Aatma Nirbhar Bharat: Roadmap for self-reliant MSMEs
• Indian government is providing different packages in the form of short run relief like moratorium, Rs 3 lakh crore collateral-free automatic loans for businesses, including SMEs, reduction in TDS & TCS, increased limits of loan and relief for contractors, real estate and NBFCs.
• MSMEs and other sectors were eyeing on fiscal stimulus which has a better efficacy to pull out sectors from economic slowdown rather than loan stimulus. The reason is quite cogent that these collateral free loans has to be repaid whereas bail out packages are given as a booster.
• Macroeconomic parameters like fiscal deficit is going to escalate to almost 7% in 2020-21 which was targeted at 3.8% juxtaposing with sluggishness in economic growth.
• One thing to recall here is that ease on liquidity is something which is happening since last year and was not a problem rather circulation of liquidity was a major challenge. Banks have been keeping their surpluses with the RBI for the past one year as they haven’t been able to push credit growth.

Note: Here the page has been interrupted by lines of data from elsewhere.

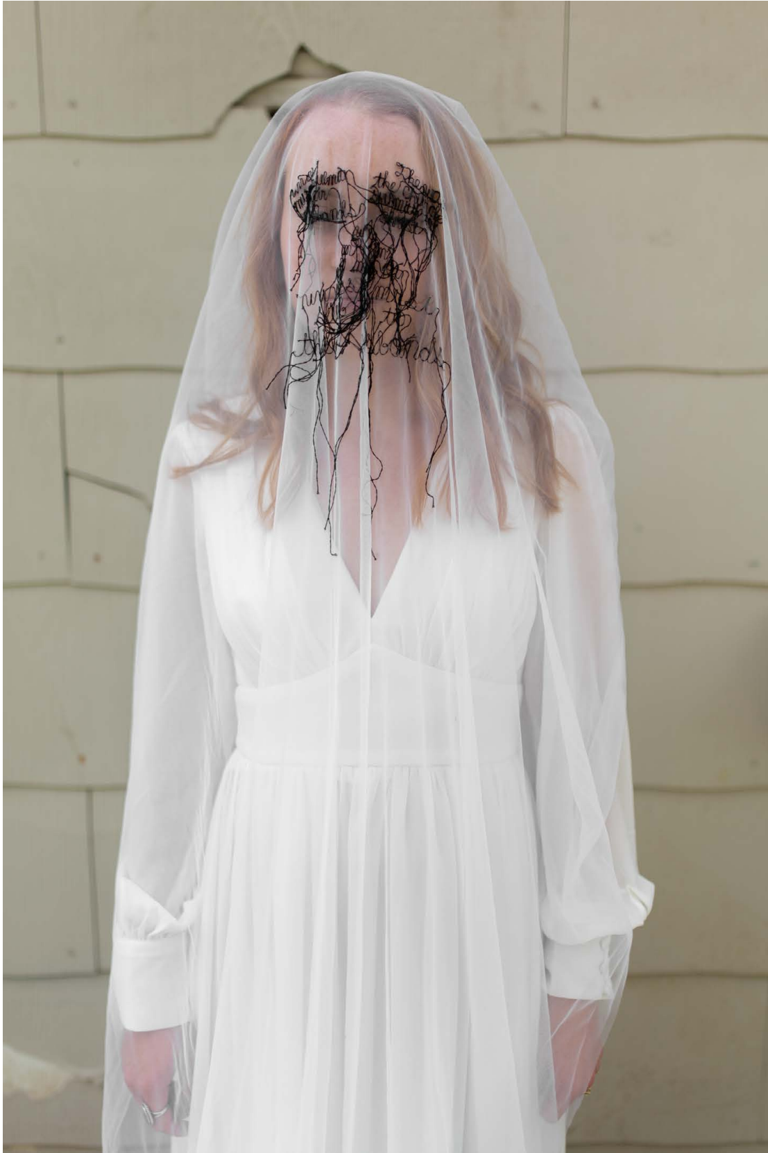
Figure 13: Huptassomai
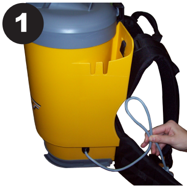
1 Loop Power Cable
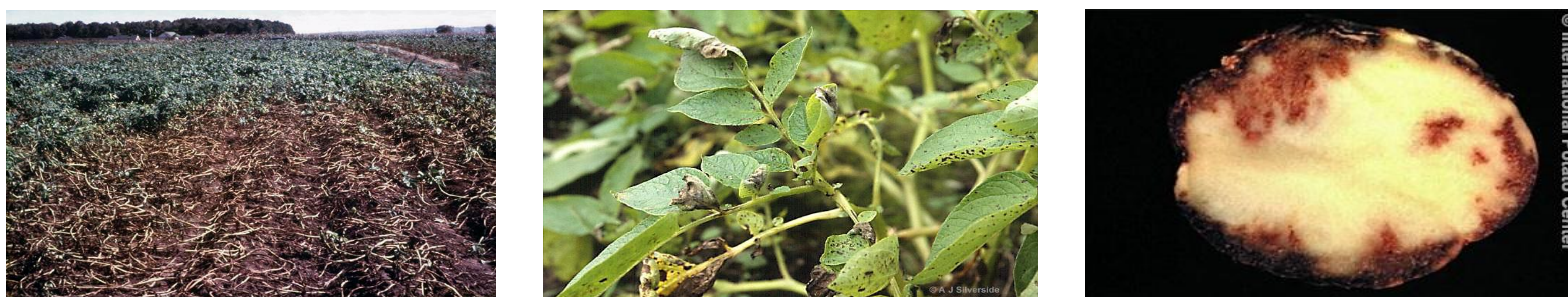
Figure 1: Damage caused by P. infestans in the field (left), on potato leaf (center) and tuber (right).

One of our current strategies to control this devastating disease include stacking broad-spectrum resistance genes isolated from wild potato relatives through transgenesis. The RB , Rpi-blb2 (isolated from Solanum bulbocastanum ) and the Rpi-vnt1.1 (isolated from S. venturii ) R genes (Song et al. 2003; Vossen et al., 2005) can be transferred by genetic engineering into susceptible farmer-preferred varieties. These R genes were cloned into a triple R gene construct (pCIP99) to transform two susceptible potato varieties grown in SSA. 'Desiree' was chosen essentially because of its high transformation efficiency and for testing efficacy with single and the stacked R genes whereas 'Victoria/Asante' for its wide adoption as stable variety in Kenya and Uganda. The later will only be transformed with the 3 R gene stack.
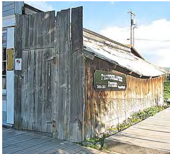
Shingle Shed roof starting to fail

John Maynard Keynes, the noted British economist stated that everyone is dead in long run. In te spirit of this all time favourite quote in the field of economics, India’s Central government has announced a Rs 20 lakh crores worth of economic package under a new economic programme Aatma Nirbhar Bharat (Self Reliant India). As soon as finance ministry has announced its stimulus for MSME, several reactions came up from various experts and policymakers. The core of the debate is – whether to choose short run economic benefits during pandemic or making long run economic machine more robust post-pandemic?
When the global housing recession enervated the US economy, its government threw caution to the wind by implementing massive quantitative easing. This quantitative easing does not require any of the related stakeholders to repay it or burden their balance sheet. In other terms it can be referred as monetising the economy. Under the present pandemic, the Indian government is providing different packages in the form of short run relief like moratorium, Rs 3 lakh crore collateral-free automatic loans for businesses, including MSMEs, reduction in TDS & TCS, increased limits of loan and relief for contractors, real estate and NBFCs. These measures are definitely going to provide stabilization and access to liquidity. But is it going to give confidence to spend and revive animal spirits for business and economic activities, especially the MSME stakeholders?
The Micro, Small and Medium Enterprises (MSME) sector has urged Union Finance Minister Nirmala Sitharaman to direct Reserve Bank of India (RBI) and the banks to desist from imposing the Non-Performing Assets (NPA) norms for MSME units for a period of two years post the coronavirus lockdown. In this case, a bail out package is indeed pragmatic, as anyways Non-Performing Assets (NPAs) are projected to shoot up. In fact, in rthe recent past, our government has bailed out the banking sector to give a major boost and confidence. Considering that MSMEs are the backbone of our economy, the same logic is valid for them as well.
MSMEs have been eyeing a fiscal stimulus, which has a better efficacy to pull out sectors from economic slowdown. Collateral free loans have to be repaid, whereas bail out packages are given as boosters. The central government is planning for lockdown 4.0, which will surely have some leniency but definitely economic activities will not be in full swing.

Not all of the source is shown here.